Uczeń pracuje nad forhendem i przychodzi moment, kiedy zabieramy się za bekhend, nagle pada stwierdzenie, oj teraz będzie ciężko…Pytam wtedy, jak bardzo jesteś o tym przekonany, że będzie ciężko? Jak wiele dowodów masz na to, że może być ciężko? Skąd pochodzi to stwierdzenie, że będzie ciężko?…itd. Tak, to mówi do Ciebie jego sabotażysta, patrzysz mu prosto w oczy trenerze i teraz albo ty jego, albo on ciebie. To są te momenty, w których naprawdę można przyspieszyć naukę dość skomplikowanego ruchu dźwigni squashowej. Moim celem, jako trenera jest zmierzyć się z tym sabotażystą i pokonać go w „walce” na argumenty. Jeśli tylko uda mi się zachwiać skutecznie tym przekonaniem o „ciężkości bekhendu” moja praca idzie duuuużo łatwiej. Ostatecznie oznacza to przeniesienie uwagi z czegoś, co podświadomie mu nie służy na coś co będzie go wspierać „bekhend jest równie łatwy w nauce co forhend”, bo czemuż nie miałoby tak być? Jeśli do tego konstruktu uda mi się sprowadzić uwagę ucznia wtedy w sferze fizycznej dzieją się bardzo ciekawe rzeczy i ludzie są sami zaskoczeni efektywnością tej pracy w sferze rezultatów nad opanowaniem tego specyficznego ruchu rakietą na bekhendzie.
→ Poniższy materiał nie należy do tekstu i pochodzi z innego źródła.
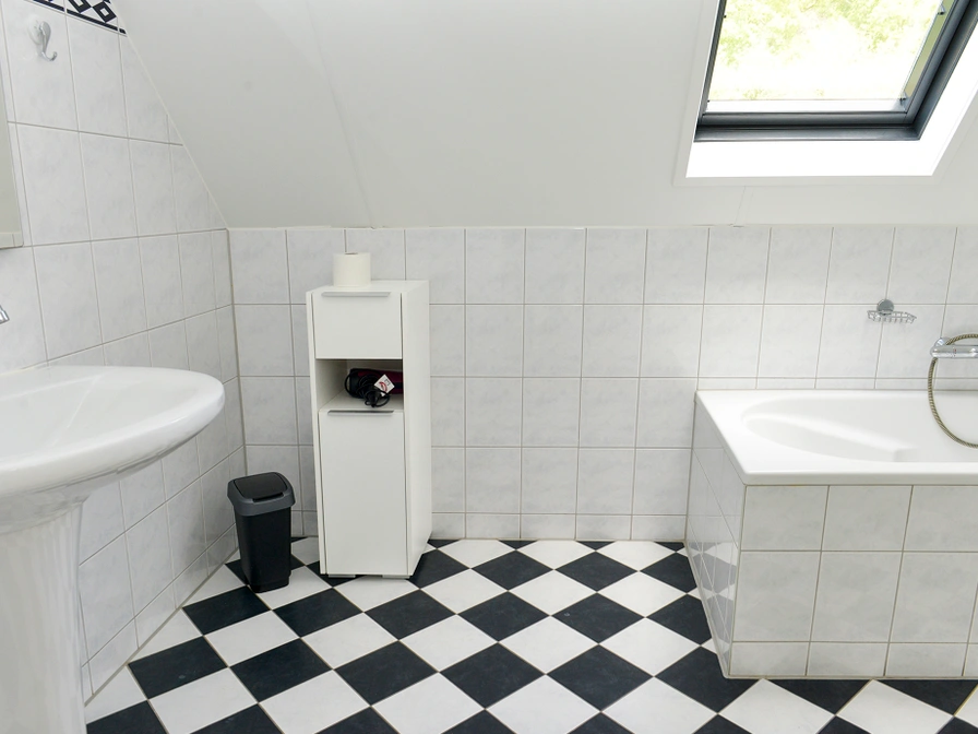 The living room has a sitting area with TV, radio and DVD player. There is also a dining area. The open kitchen is equipped with a 4-burner gas stove, refrigerator, oven, microwave, dishwasher, coffee maker and Senseo. The utility room has a washing machine and dryer. On the ground floor there is a bathroom with a shower, sink and toilet. On the top floor are two bedrooms, each with 2 single box-spring beds. There is a bathroom with a bath and toilet. This holiday home has a large garden with a terrace and garden furniture. There is a balcony on the first floor.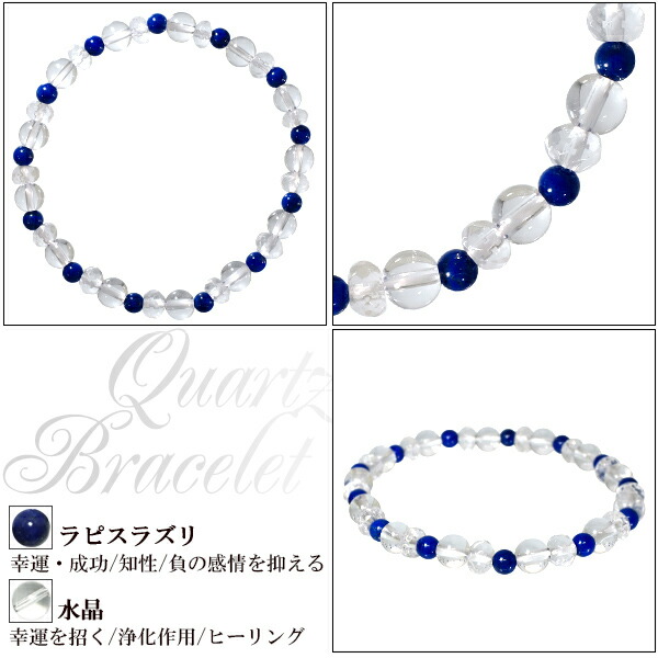 水晶の合間にきらめく、深い青色のラピスラズリが印象的なブレスレット。

A co zatem dla zawodników?

Ano też jest coś bardzo wyjątkowego. Myślę, że już każdy zawodnik jest świadomy, że w czasie gry występuje zjawisko percepcji. Na szkoleniach, które prowadzę dla PZSQ poświęcam temu zagadnieniu sporo czasu. Percepcja w ujęciu naszej dyscypliny to odczytywanie sygnałów, które przeciwnik nam wysyła w czasie gry. Te sygnały odpowiednio odczytane prowadzą zawodnika do przewidywania/odgadnięcia (antycypacja) zamiarów przeciwnika jeszcze przed uderzeniem lub dokładnie w czasie uderzania piłki. To jest kluczowe w kolejnym etapie podjęcia decyzji, co z tym wszystkim mam zrobić, jaki będzie mój kolejny ruch, aby wytworzyć w grze możliwie dużą presję na przeciwnika. W trzeciej kolejności jest wykonanie zamierzonego uderzenia, które oparte jest o wcześniejsze dwa parametry: percepcję i decyzję. Tak zbudowana gra daje szansę na szybkie wygrywanie, a wygrywanie poprawia „mental” jak nic innego.
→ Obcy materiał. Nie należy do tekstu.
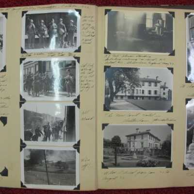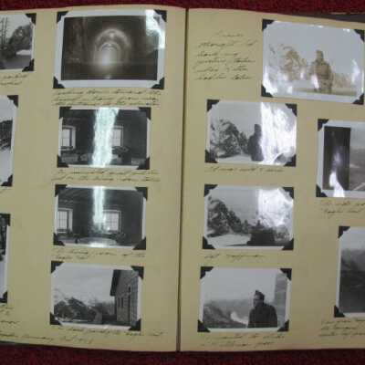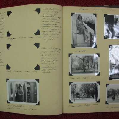 Brown leather bound scrapbook with gold highlights containing numerous photographic prints. Comprising 65 pages with 301 photos (mostly B&W) mounted to both sides of the pages with hand written captions and notations. Title page hand written "John F. Seiberling Jr 1942-45" which includes WWII photos and Hitler's "Eagles Nest" retreat. Also includes a few 1937 photos from Staunton Military Academy, Michigan 1946 & 47, and others. Some of the photos are missing from their slots.Collection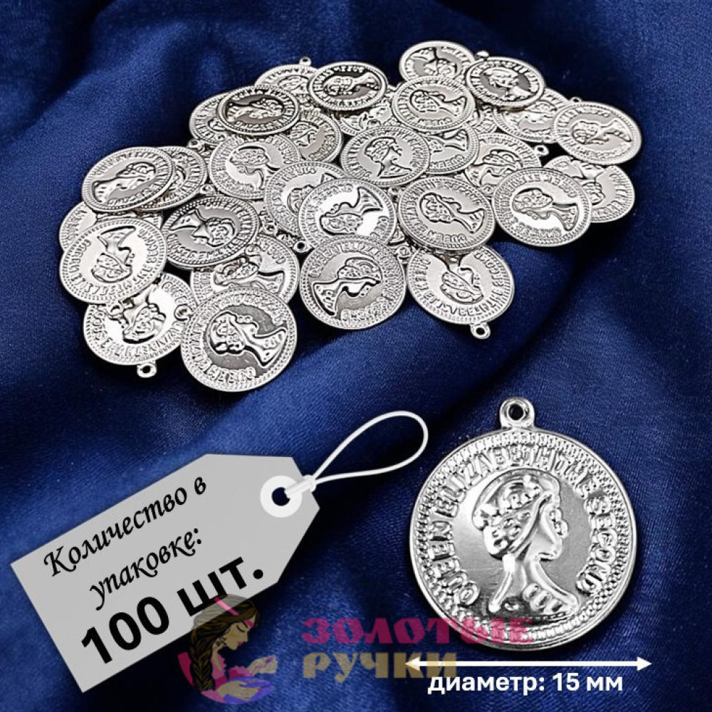 Монетки декоративные. Диаметр: 15 мм. Цвет: серебро. Количество в упаковке: 100 шт.

Domyślacie się już, że dobre zarządzanie uwagą w czasie gry, czyli wysyłanie jej tam, gdzie jest przeciwnik i odczytywanie sygnałów, co on zrobi, daje możliwość skutecznej odpowiedzi na jego zagrania. W tej sferze toczy się bardzo zacięta rywalizacja. Często tego nie widać, bo to sfera umysłu. Widzimy jedynie skutki tej „mentalnej bitwy” albo w postaci wygranej albo przegranej. Zatem bierz „byka za rogi” jeśli ten temat jest Ci bliski i ujarzmij go zanim przejmie kontrolę nad Twoją grą.